TASK OBJECTIVE =
Exactly and only the lines below from the one containing "Nagle zauważa go" down to the one containing "BADGLEY MISCHKA Womens" are wanted, both included; please exclude every picture.

SUPPLIED DATA =
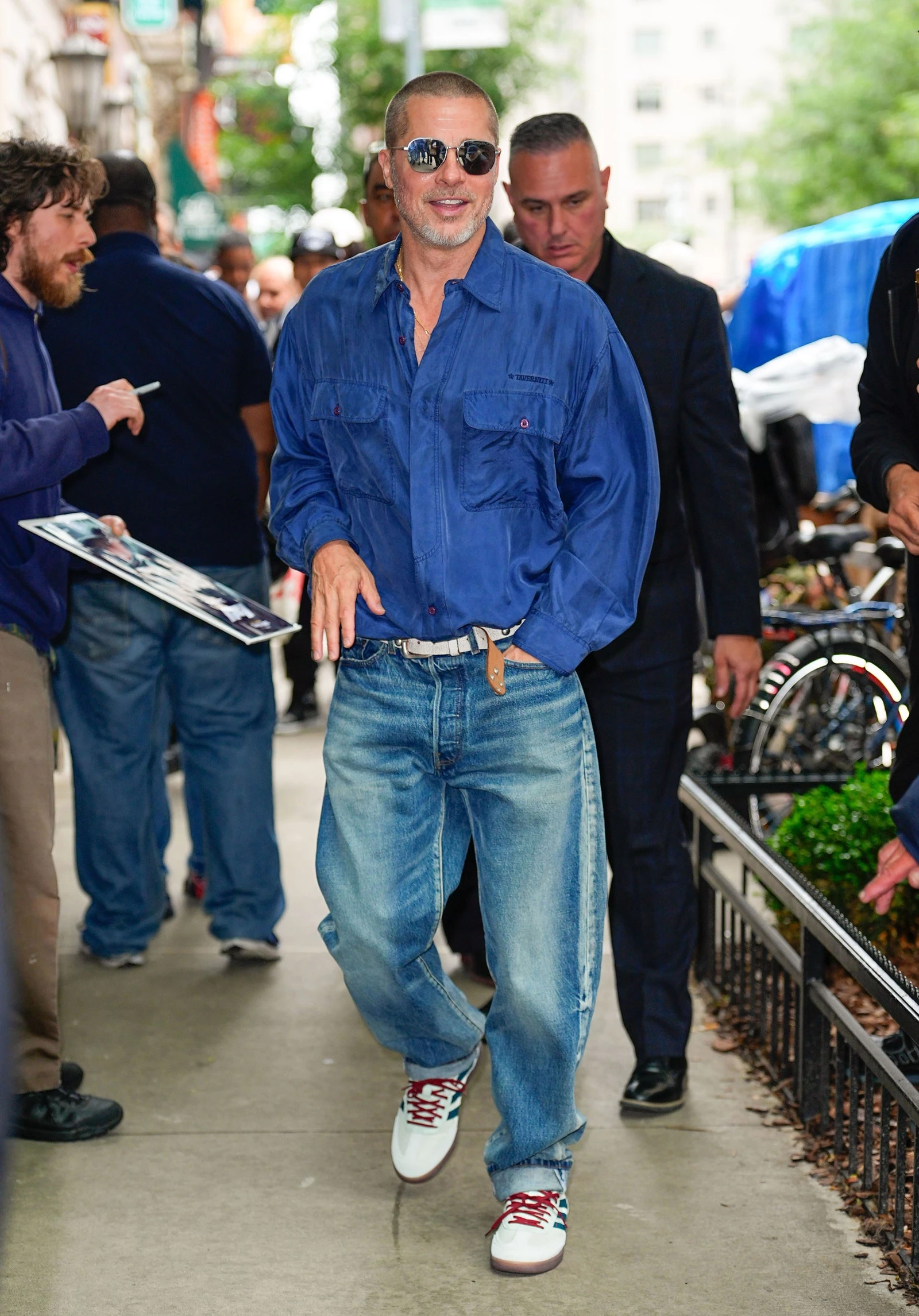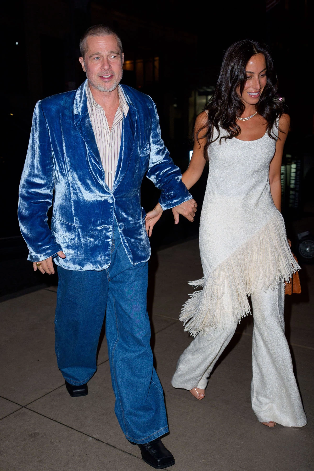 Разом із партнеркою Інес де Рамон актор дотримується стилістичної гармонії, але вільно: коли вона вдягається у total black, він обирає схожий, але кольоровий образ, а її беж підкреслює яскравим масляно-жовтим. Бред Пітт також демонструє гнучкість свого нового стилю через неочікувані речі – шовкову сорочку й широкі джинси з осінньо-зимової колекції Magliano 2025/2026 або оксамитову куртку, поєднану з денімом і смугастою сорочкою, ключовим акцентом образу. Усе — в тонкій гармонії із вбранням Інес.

...

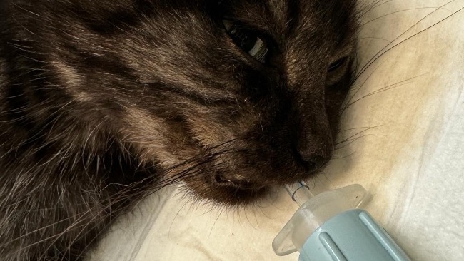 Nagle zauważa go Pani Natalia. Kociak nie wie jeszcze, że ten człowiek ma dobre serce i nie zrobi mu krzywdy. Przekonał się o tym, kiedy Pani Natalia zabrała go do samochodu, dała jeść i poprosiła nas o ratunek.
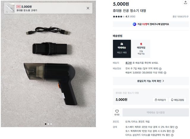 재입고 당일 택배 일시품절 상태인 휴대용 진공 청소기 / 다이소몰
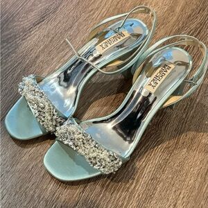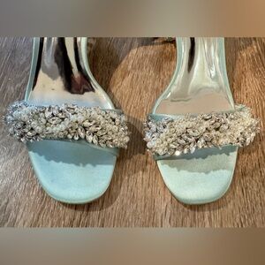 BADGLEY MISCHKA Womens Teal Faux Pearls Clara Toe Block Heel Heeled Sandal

ANSWER TO THIS EXERCISE =
 Nagle zauważa go Pani Natalia. Kociak nie wie jeszcze, że ten człowiek ma dobre serce i nie zrobi mu krzywdy. Przekonał się o tym, kiedy Pani Natalia zabrała go do samochodu, dała jeść i poprosiła nas o ratunek.
 재입고 당일 택배 일시품절 상태인 휴대용 진공 청소기 / 다이소몰
 BADGLEY MISCHKA Womens Teal Faux Pearls Clara Toe Block Heel Heeled Sandal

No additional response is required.